Your monthly mortgage cost isn’t just based on the property price. Small changes to the rate, term and deposit can make a noticeable difference. Use the points below to understand what moves the numbers.

Deposit size (LTV)

A larger deposit typically means a lower Loan-to-Value, which can unlock better rates and reduce monthly repayments.

Interest rate

The higher the rate, the more you pay each month. Try a few rate scenarios to see how sensitive your repayments are to changes.

Mortgage term

A longer term can reduce monthly payments, but usually increases the total interest paid over the life of the mortgage.

Mortgage type

Repayment mortgages pay down the balance over time. Interest-only payments are lower, but the full loan still needs repaying at the end.

Fees and product costs

Arrangement fees and other costs can change the true cost of borrowing. If fees are added to the loan, repayments may be higher.

Overpayments

Overpaying can reduce interest and shorten the term, but lenders often have limits—especially during fixed-rate periods.

Frequently Asked Questions

How accurate is this mortgage calculator?

It provides an estimated monthly repayment based on the figures you enter. Your lender’s exact payment may differ depending on the product, fees, and how interest is calculated.

Does the calculator include mortgage fees?

Typically, no. Some mortgages have arrangement/product fees and other costs. If fees are added to the loan, your repayments may be higher than this estimate.

What interest rate should I use?

If you have a quote from a lender or broker, use that rate. If not, try a few realistic scenarios (for example a lower, expected, and higher rate) to understand how repayments could change.

What’s the difference between repayment and interest-only?

A repayment mortgage covers interest and pays down the balance over time, so the loan is typically cleared by the end of the term.

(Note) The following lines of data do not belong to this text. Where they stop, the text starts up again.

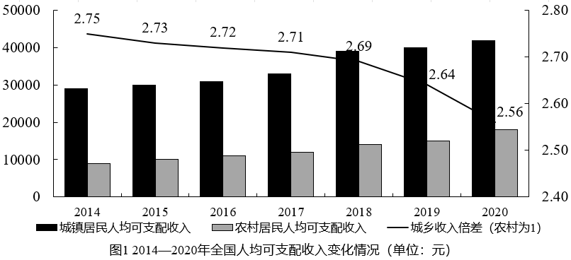 106、2020年全国城乡居民人均可支配收入差额约为:
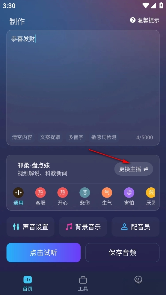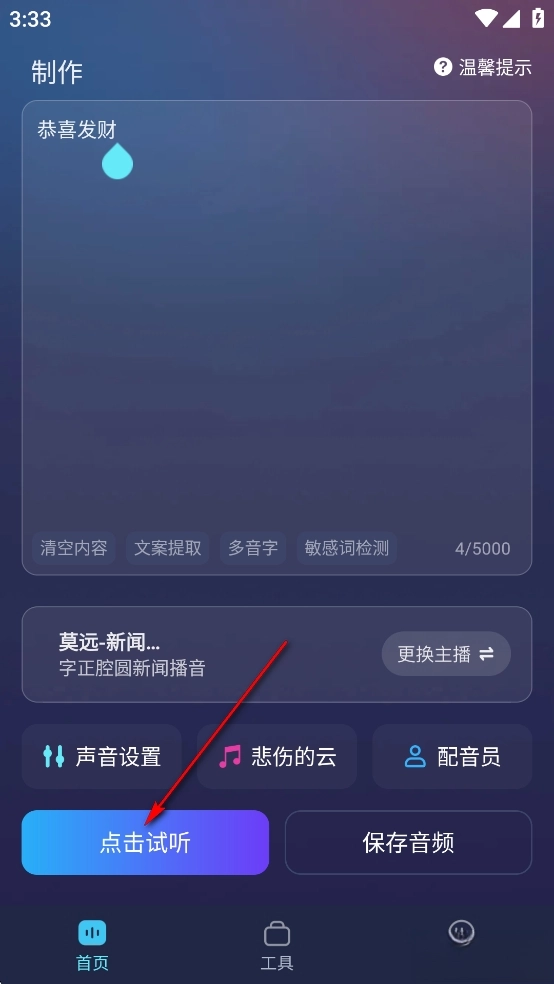 在输入框输入需要配音的文字
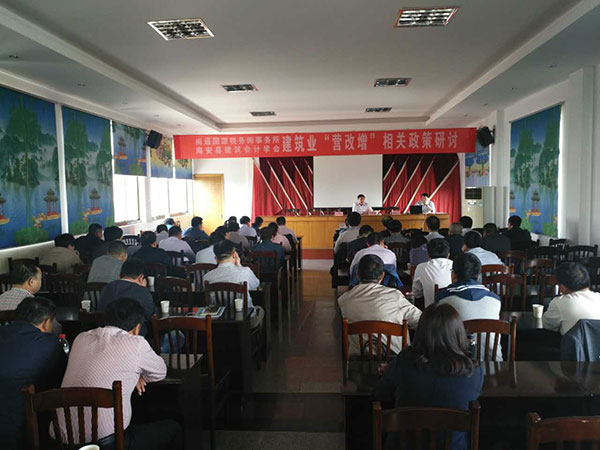 集團公司董事長馬和軍在培訓前做動員講話,他要求集團上下要高度重視“營改增”給建筑行業帶來的沖擊和機遇,參培人員要虛心聆聽財稅專家的講解,認真學習、理解、適應“營改增”政策,在新的稅制改革起跑線上,要用新的思維、新的架構,不斷完善新的管理流程,以務實有效的行動積極應對“營改增”。培訓邀請了縣建筑會計學會會長黎勝玉高級會計師、海安縣國稅局稅征科科長劉家健、海安國源稅務事務所所長徐進注冊稅務師等專家,分別從營改增的目的和意義、解讀營改增試點文件及通告、營改增實務及納稅申報等進行了講解。
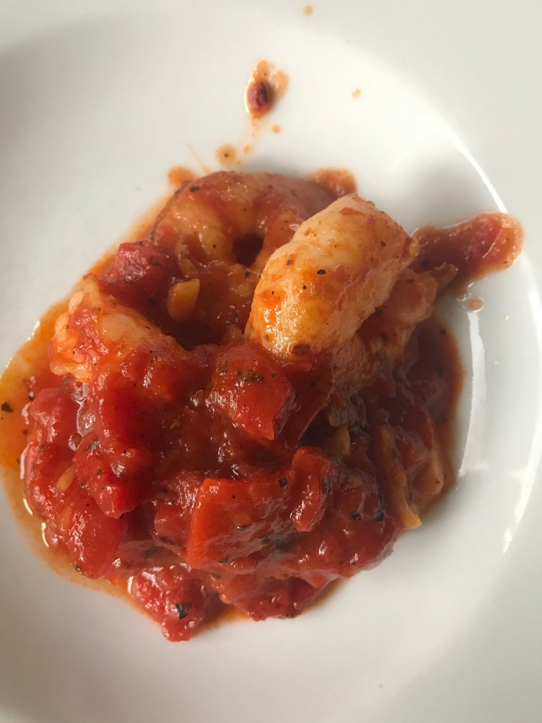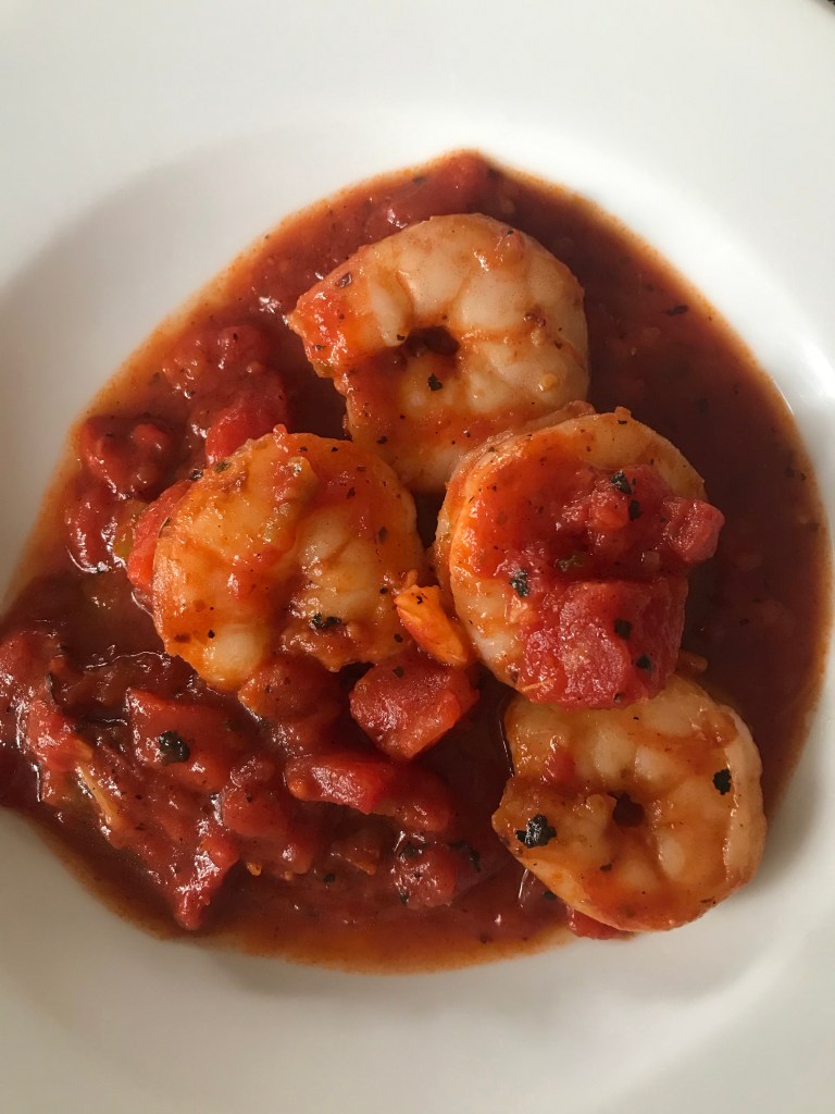 Arrabbiata is an Italian word meaning angry and refers to the spiciness of the chili peppers. This sauce is usually made of garlic, tomatoes, and dried red chili peppers cooked in olive oil. It’s served with pasta or in this case shrimp and crusty Italian bread. Dave and I are limiting our carbs, so we ate the shrimp and sauce with a green salad! Perfecto!
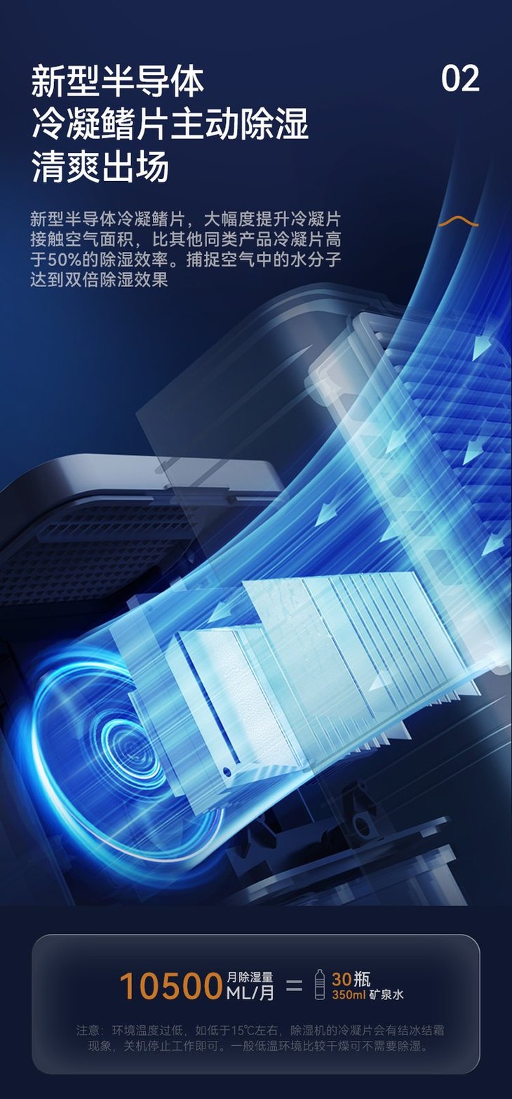 ● 新型半导体冷凝技术,大大提升除湿效果 大幅度提升冷凝片接触空气面积 一个月的除湿量可达10500ml,相当于30瓶350ml的矿泉水
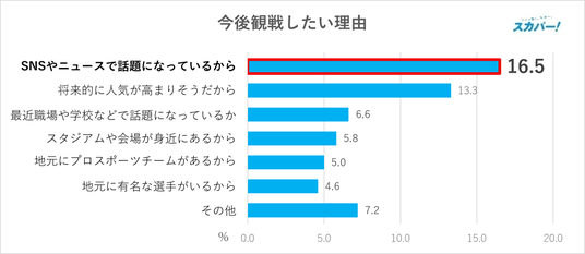 2位のスポーツは「高校野球(約8.7%)」でした。大会の開催時期には全国的にも話題になる高校野球ですが、地元や出身地の高校の活躍やSNSでの話題などをもとに、現地や配信で観戦してみたいと感じる人が多いということが推測されます。
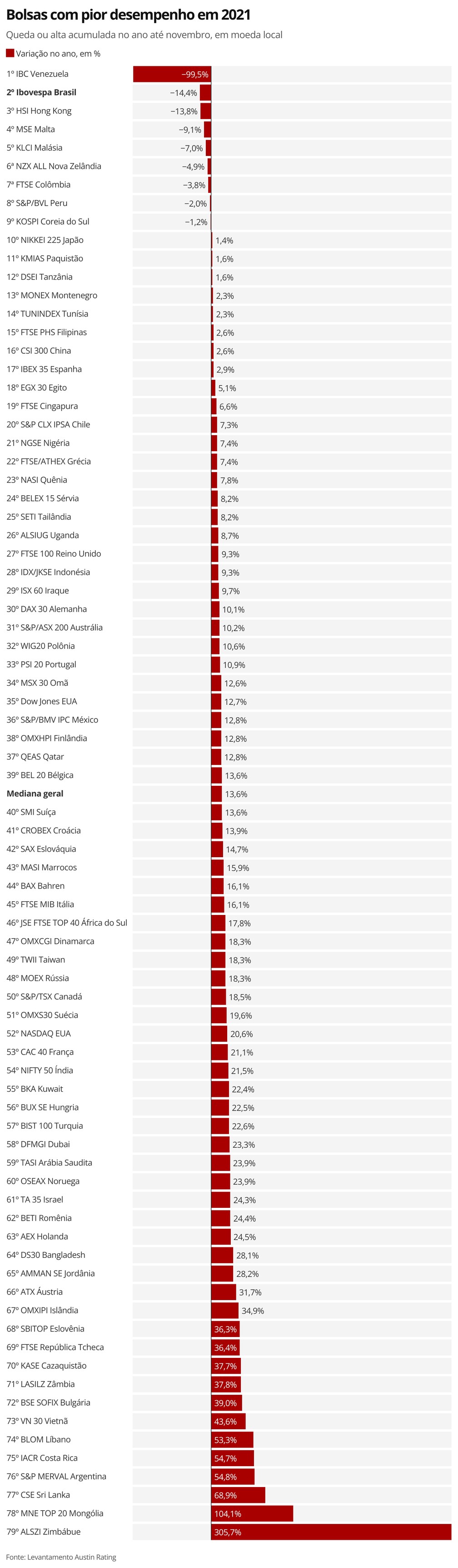 O Ibovespa, principal índice de ações da bolsa de valores de São Paulo, a B3, registra o segundo pior desempenho no mundo em 2021, atrás apenas da bolsa da Venezuela, segundo ranking da agência classificação de risco Austin Rating, feito com exclusividade a pedido do g1.
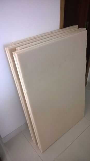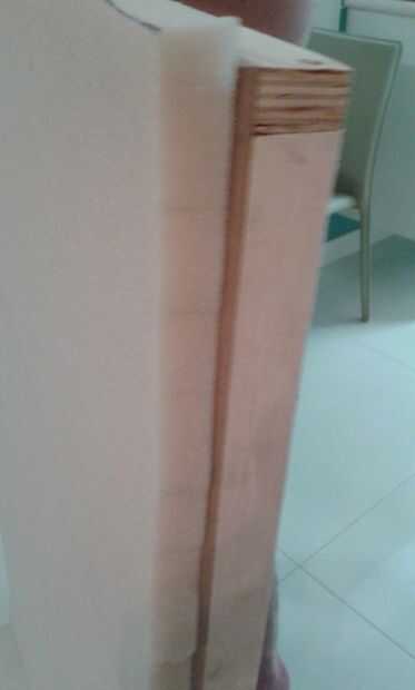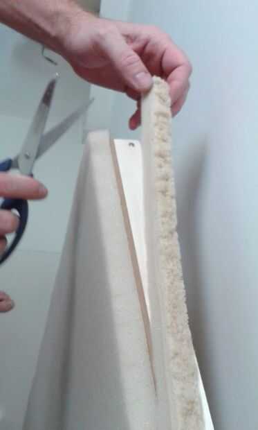 A continuación cortar la espuma del mismo tamaño que el tablero y pegar con pegamento de contacto. Recortar las esquinas después de que el pegamento se seca.
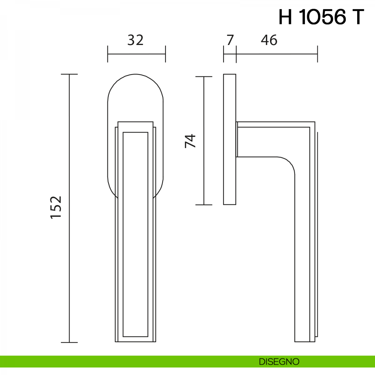Maniglia per finestra martellina DK H 1056 T Valli collezione Lab con rosetta fine. Design by Valli Workshop.
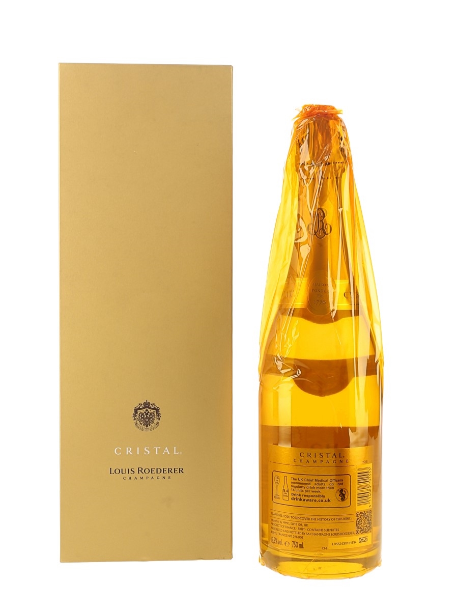A bottle of Louis Roederer Cristal from the 2015 vintage. A blend of 60% Pinot Noir and 40% Chardonnay.
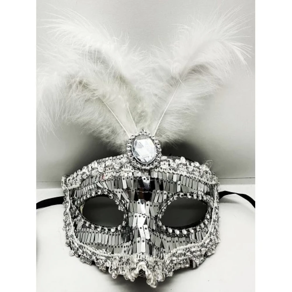 Gümüş Payetli Pullu Tüylü Parti Maskesi

Interest-only payments cover the interest only, meaning the balance usually remains to be repaid at the end.

Why is my lender’s quote different to the calculator?

Lenders may factor in product fees, incentives, different repayment start dates, or use slightly different calculation assumptions. The calculator is a planning tool, not a formal quotation.

Can this calculator tell me if I’ll be accepted for a mortgage?

No. Mortgage approval depends on affordability checks, credit history, and lender criteria. This tool helps you estimate repayments so you can plan, but it doesn’t assess eligibility.